Work instruction: Copy only what lies from the line containing "Tecmolog Brass PVD" through the line containing "2、从出口金额看,2019年" in the entries below, keeping both end lines exact and dropping every picture.

Data for processing:
========
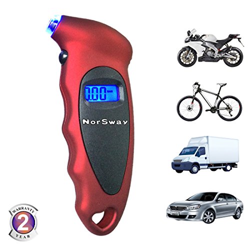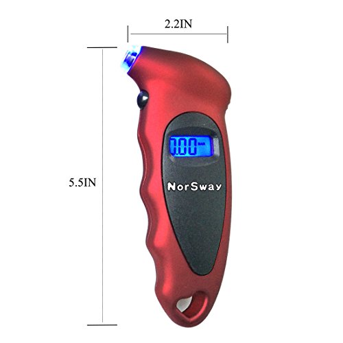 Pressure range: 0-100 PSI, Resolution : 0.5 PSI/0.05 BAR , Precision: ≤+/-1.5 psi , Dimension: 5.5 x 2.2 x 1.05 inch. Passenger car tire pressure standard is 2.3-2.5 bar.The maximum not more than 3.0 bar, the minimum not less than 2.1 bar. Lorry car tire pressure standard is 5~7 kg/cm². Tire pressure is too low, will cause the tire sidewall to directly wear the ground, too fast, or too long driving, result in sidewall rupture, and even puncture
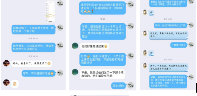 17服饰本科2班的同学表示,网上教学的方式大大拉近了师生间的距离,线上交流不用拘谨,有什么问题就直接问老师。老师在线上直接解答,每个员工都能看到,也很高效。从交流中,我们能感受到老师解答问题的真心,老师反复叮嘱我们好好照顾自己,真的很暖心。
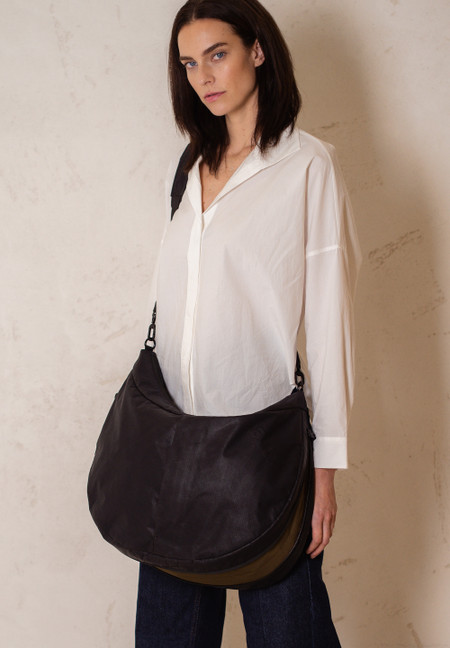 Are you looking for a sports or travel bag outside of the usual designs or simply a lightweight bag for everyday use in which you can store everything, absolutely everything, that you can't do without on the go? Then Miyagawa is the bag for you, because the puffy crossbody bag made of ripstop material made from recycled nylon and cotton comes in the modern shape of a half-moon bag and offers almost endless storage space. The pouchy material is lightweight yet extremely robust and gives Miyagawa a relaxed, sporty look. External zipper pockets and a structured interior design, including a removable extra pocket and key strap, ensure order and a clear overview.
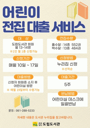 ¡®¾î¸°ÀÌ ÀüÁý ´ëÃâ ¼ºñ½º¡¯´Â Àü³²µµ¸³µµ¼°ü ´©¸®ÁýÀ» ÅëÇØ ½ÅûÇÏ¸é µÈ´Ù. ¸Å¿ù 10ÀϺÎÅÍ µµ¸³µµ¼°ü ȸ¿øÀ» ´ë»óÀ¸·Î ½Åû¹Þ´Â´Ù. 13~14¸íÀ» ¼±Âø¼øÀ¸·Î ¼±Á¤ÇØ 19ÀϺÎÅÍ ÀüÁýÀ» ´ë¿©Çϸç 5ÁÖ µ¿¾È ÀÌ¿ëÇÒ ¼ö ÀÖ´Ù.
========
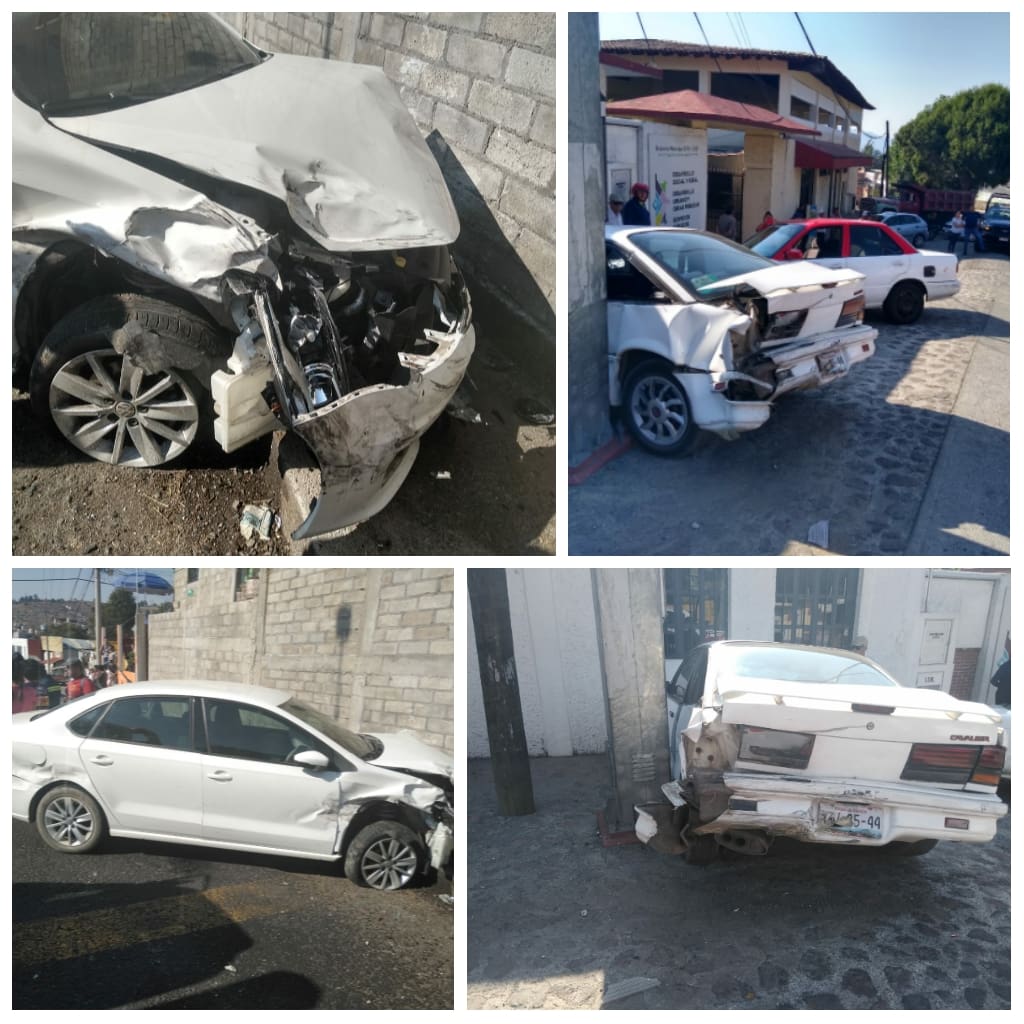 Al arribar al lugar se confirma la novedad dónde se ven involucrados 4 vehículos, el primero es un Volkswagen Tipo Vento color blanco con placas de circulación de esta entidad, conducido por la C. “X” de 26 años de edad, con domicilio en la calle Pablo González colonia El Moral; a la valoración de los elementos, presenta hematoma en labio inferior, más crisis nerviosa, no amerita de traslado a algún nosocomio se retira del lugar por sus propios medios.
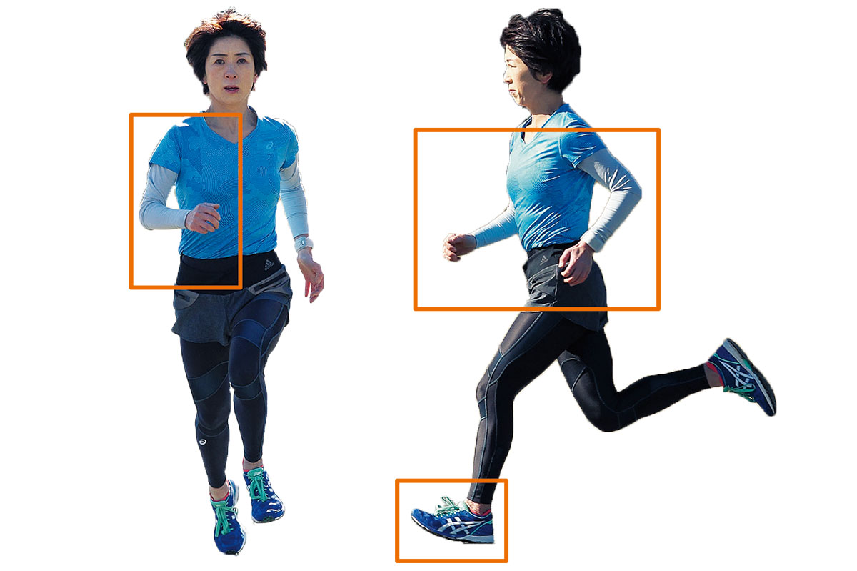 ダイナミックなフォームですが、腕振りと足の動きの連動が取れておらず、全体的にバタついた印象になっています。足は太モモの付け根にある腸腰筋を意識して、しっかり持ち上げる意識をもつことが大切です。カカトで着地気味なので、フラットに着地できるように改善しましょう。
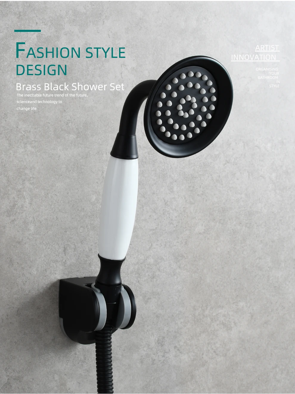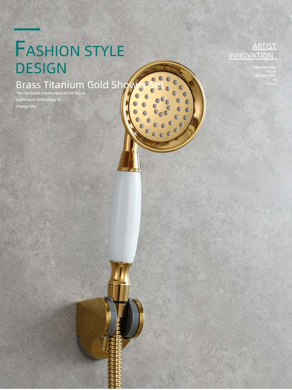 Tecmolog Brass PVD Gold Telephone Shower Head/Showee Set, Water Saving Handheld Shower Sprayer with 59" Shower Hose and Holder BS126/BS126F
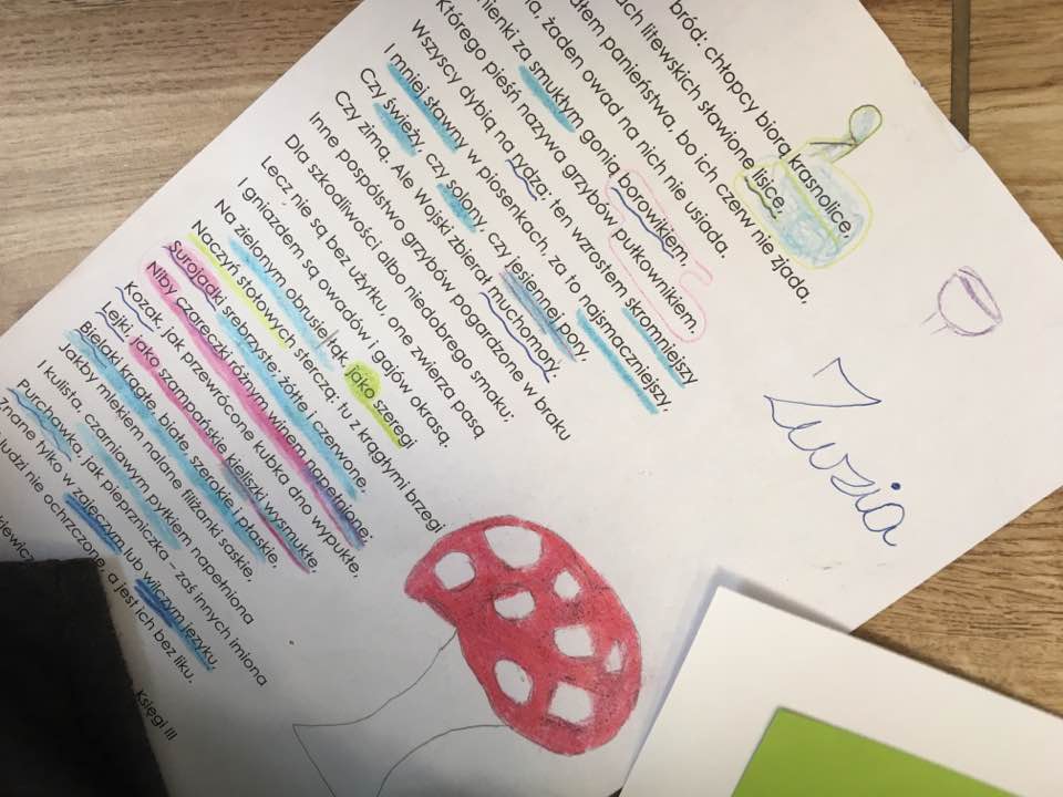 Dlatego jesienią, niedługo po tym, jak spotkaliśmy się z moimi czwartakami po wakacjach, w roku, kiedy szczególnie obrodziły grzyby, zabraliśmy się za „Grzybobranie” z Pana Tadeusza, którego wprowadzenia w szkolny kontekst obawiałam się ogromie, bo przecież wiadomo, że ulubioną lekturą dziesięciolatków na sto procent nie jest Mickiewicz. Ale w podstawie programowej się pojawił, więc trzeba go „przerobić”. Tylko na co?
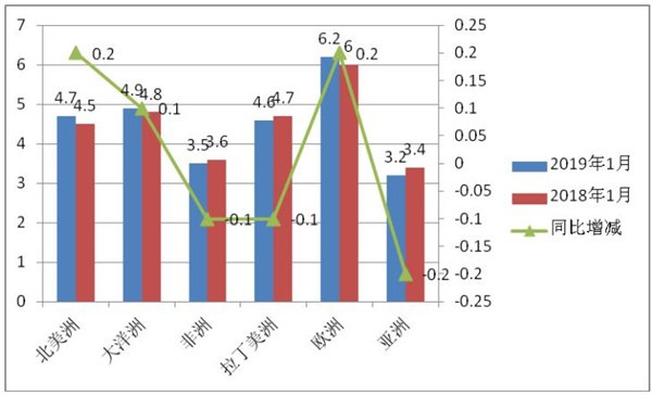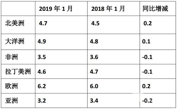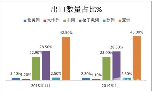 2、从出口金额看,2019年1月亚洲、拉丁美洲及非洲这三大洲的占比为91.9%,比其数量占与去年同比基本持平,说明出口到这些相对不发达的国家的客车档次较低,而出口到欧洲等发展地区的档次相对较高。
========
Output of the exercise:
 Tecmolog Brass PVD Gold Telephone Shower Head/Showee Set, Water Saving Handheld Shower Sprayer with 59" Shower Hose and Holder BS126/BS126F
 Dlatego jesienią, niedługo po tym, jak spotkaliśmy się z moimi czwartakami po wakacjach, w roku, kiedy szczególnie obrodziły grzyby, zabraliśmy się za „Grzybobranie” z Pana Tadeusza, którego wprowadzenia w szkolny kontekst obawiałam się ogromie, bo przecież wiadomo, że ulubioną lekturą dziesięciolatków na sto procent nie jest Mickiewicz. Ale w podstawie programowej się pojawił, więc trzeba go „przerobić”. Tylko na co?
 2、从出口金额看,2019年1月亚洲、拉丁美洲及非洲这三大洲的占比为91.9%,比其数量占与去年同比基本持平,说明出口到这些相对不发达的国家的客车档次较低,而出口到欧洲等发展地区的档次相对较高。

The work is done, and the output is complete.